This Week in Science

Science  24 Dec 1999:
Vol. 286, Issue 5449, pp. 2424
  1. Breaking Up Is Easier To Do

    Low-energy electron impact can ionize atoms and molecules. However, even for the simplest case, the ionization of a hydrogen atom, a complete solution to the problem has been lacking, and actual solutions to date have relied on final states in which one electron and the proton are treated as highly excited hydrogen atoms. Rescigno et al. (p. 2474; see the cover and the Perspective by Whelan) have transformed the Schrödinger equation with a scaling function so that numerical solutions to high accuracy can be calculated for the breakup of the system into three charge particles.

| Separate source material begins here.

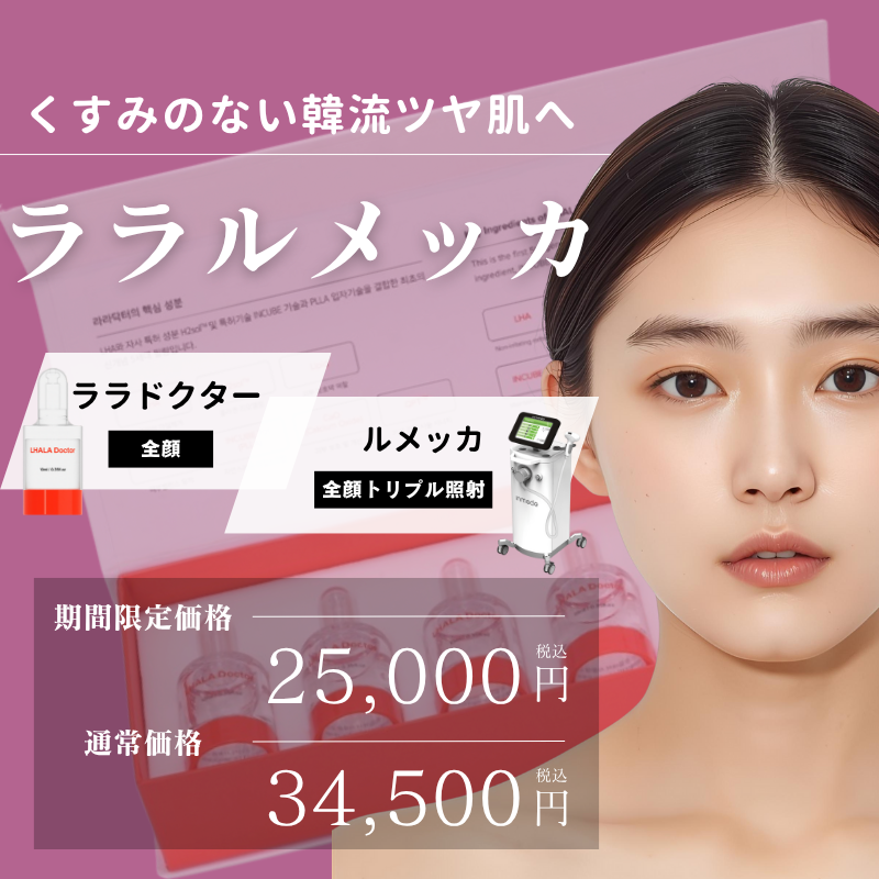 心斎橋院、梅田院、神戸院で共通のララドクターの全顔の施術に加え、各院ごとに以下のようなセットをご用意しております。

Such an approach could also be used in more complex electron-impact systems.

  2. Rich Mud, Poor Mud

    Layers of organic-rich sediments, called sapropels, have been formed in the Mediterranean Sea at irregular intervals seven times during the last 200,000 years. These layers must have formed under dramatically different conditions than those that occur in the well-ventilated, nutrient-depleted environment that exists there today. Sachs and Repeta (p. 2485) measured nitrogen isotopic ratios in molecules derived from chlorophyll in eastern Mediterranean sapropels in order to infer what these conditions were. Their findings also demonstrate that some fundamental assumptions typically made about the preservation of nitrogen isotopic ratios in sediments are likely incorrect.

  3. Magnified Galaxy Gas

    Quasars are quasistellar radio sources that are believed to be powered by supermassive black holes residing within extremely distant galaxies. Planesas et al. (p. 2493) used the additional magnification of the gas around a galaxy pair in the quasar 0957+561 created by a gravitational lens to determine the spatial distribution and kinematics of the molecular gas. The main galaxy has an extensive molecular gas cloud that actually limits their ability to see the companion galaxy. The determination of the gas distribution around distant galaxies is useful in refining the value of Hubble's constant.

  4. Mantle Origins

    Biogenic processing of nitrates enriches Earth's crust in the heavier nitrogen isotope, 15N. Earth's upper mantle is enriched in lighter nitrogen, which is thought to be a signature of the planetesimals that accreted to form Earth. Dauphas and Marty (p. 2488) measured the nitrogen and argon isotopic composition of rocks from the Kola Peninsula, Russia, which are considered to be remnants of a 370-million-year old plume and representative of the lower mantle. The rocks had a nitrogen isotopic signature lighter than that of the crust but heavier than that of the upper mantle. These measurements, combined with noble gas isotopic data, suggest that nitrogen in the upper mantle is not primordial. Instead, Earth's early, more reduced atmosphere did not allow the formation of abundant nitrate, and this lighter nitrogen crust was subducted and mixed into the upper mantle and left a lower mantle enriched in heavy nitrogen.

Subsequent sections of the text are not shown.